National League 2 South
- Sport: Rugby union
- Instituted: 1987
- Ceased: 2022
- Number of teams: 16
- Country: England
- Holders: Esher (2nd title) (2021–22 promoted to National One)
- Most titles: Barking Henley Hawks Cambridge Esher (2 titles)
- Website: clubs.rfu.com
- Promotion to: National League 1
- Relegation to: South West Premier London & South East Premier

= National League 2 South =

Level four rugby union league in England

National League 2 South (known before September 2009 as National Division Three South) was a level four league in the English rugby union system until the end of season 2021–22. It was one of two leagues at this level, with its counterpart, National League 2 North, covering the north of England. The format of the league was changed at the beginning of the 2009–10 season following reorganisation by the Rugby Football Union. The champions were promoted to National League 1. The runner-up play in a promotion play-off with the runner-up of National League 2 North; the team with the best record having home advantage. The bottom three teams were relegated, to either South West Premier or London & South East Premier. Esher are the current and final champions.

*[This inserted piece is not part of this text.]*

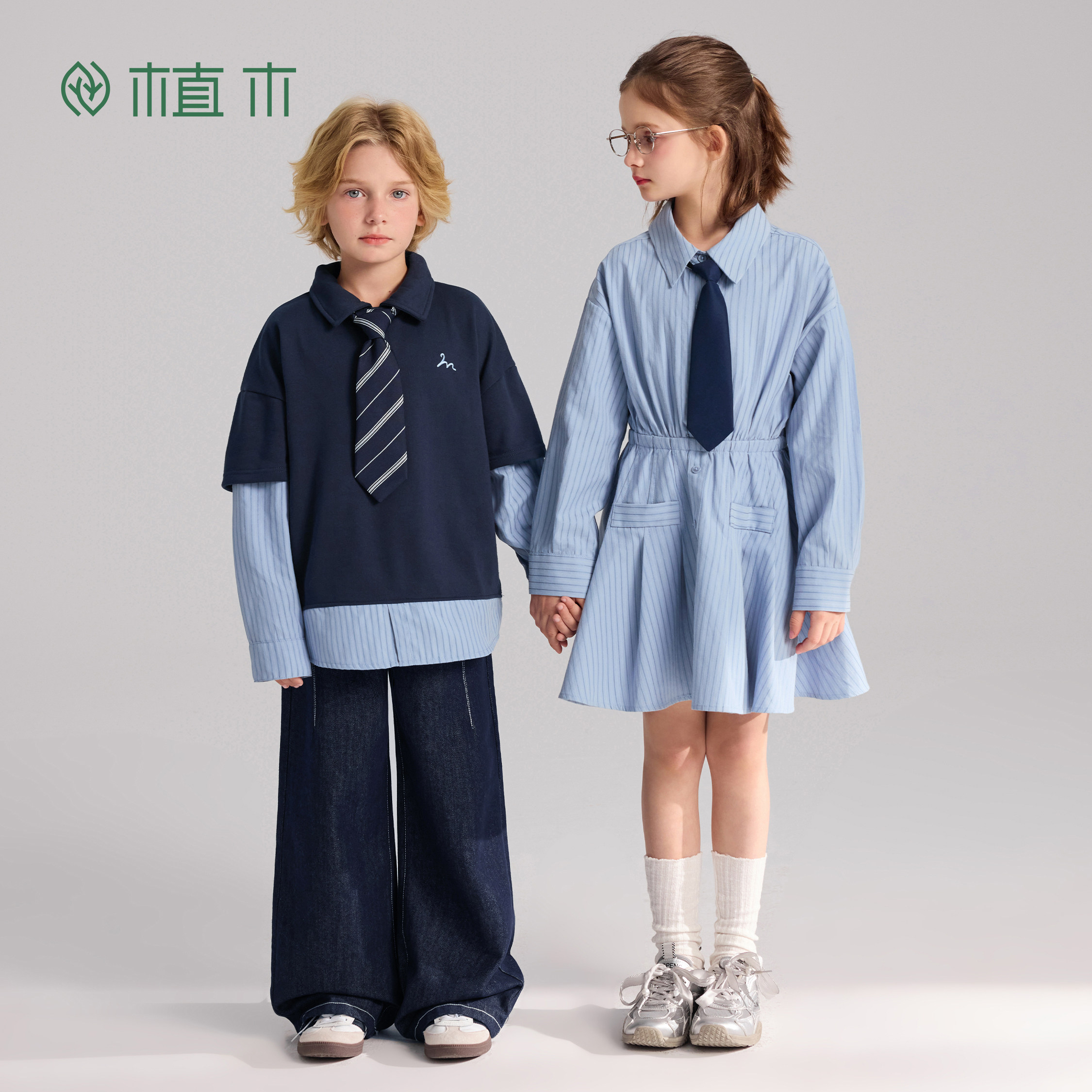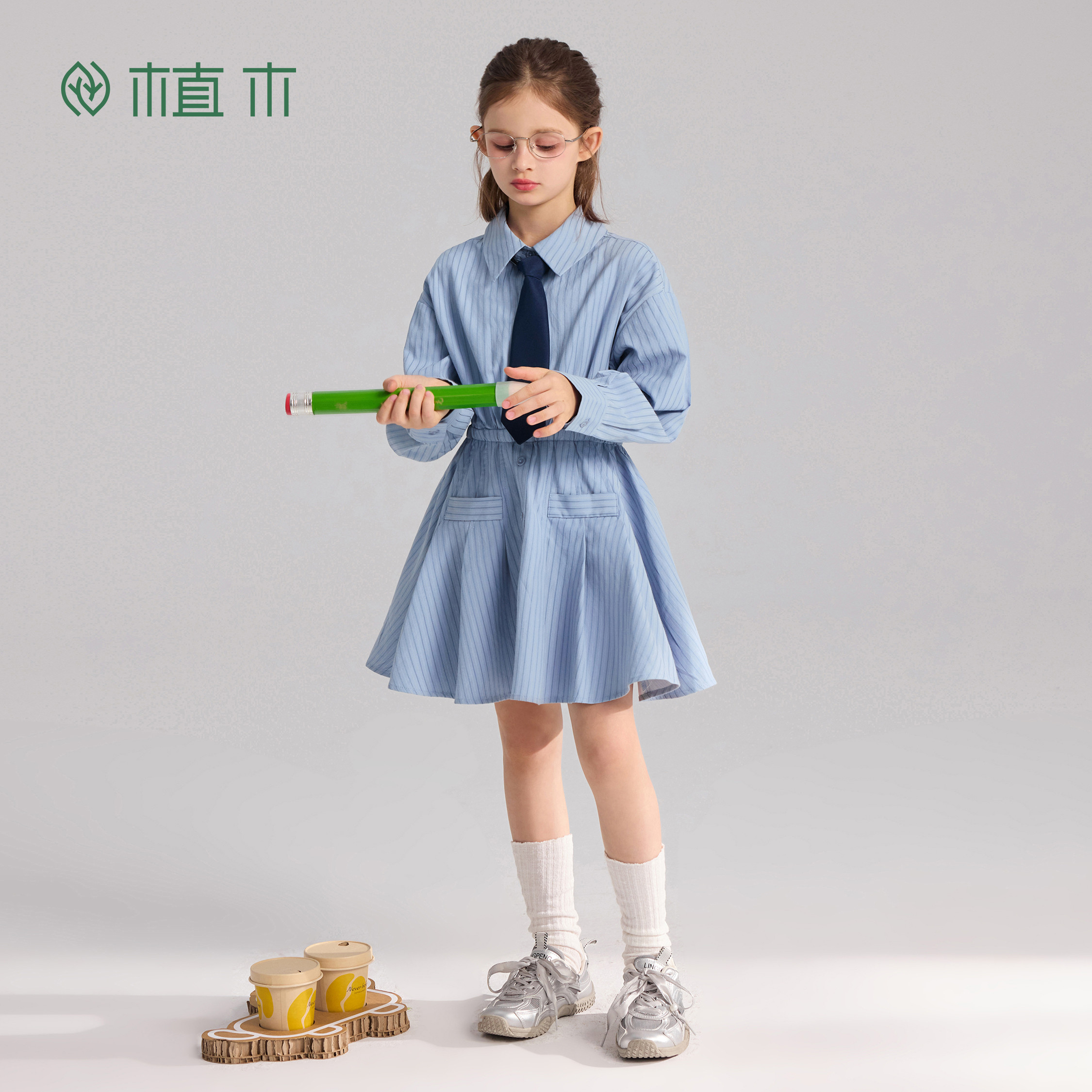 童装 植木 新款 长裙2026年春季 miu系学院风 女童连衣裙儿童衬衫

The 2019–20 season ended before all the matches were completed because of the coronavirus pandemic and the RFU used a best playing record formula to decide the final table. Due to the ongoing pandemic, the 2020–21 season was cancelled.

The Rugby Football Union (RFU) approved a new structure for the National Leagues from the 2022–23 season. Along with National League 1 and National League 2 North the size of the leagues at levels 3 and 4 are reduced to 14 teams (previously 16), there will be a two-week break over Christmas and protected weekend breaks through the season. The competition structure will be reviewed every three years. As part of the restructure a third league was created at level four and most of the National League 2 South teams were placed into either National League 2 East or National League 2 West.

==Final season==

Eleven of the teams listed below participated in the 2019–20 National League 2 South season. The 2019–20 champions Taunton Titans and Tonbridge Juddians, who won the (virtual) promotion play-off against Caldy, were promoted into the 2021–22 National League 1, while Canterbury were relegated into the division from the 2019–20 National League 1. Sides relegated from the 2019–20 National League 2 South included Sutton & Epsom (to London & SE Premier), Bournemouth and Old Redcliffians (both to South West Premier).

The promoted teams were Barnstaple who come up as champions of South West Premier while Rochford Hundred (champions) and Guernsey Raiders (virtual play-off) came up from London & South East Premier. Hinckley were level transferred into the division from National League 2 North in order to address an imbalance of teams in National 2, with Taunton and Tonbridge Juddians being promoted and only Canterbury dropping down from National League 1.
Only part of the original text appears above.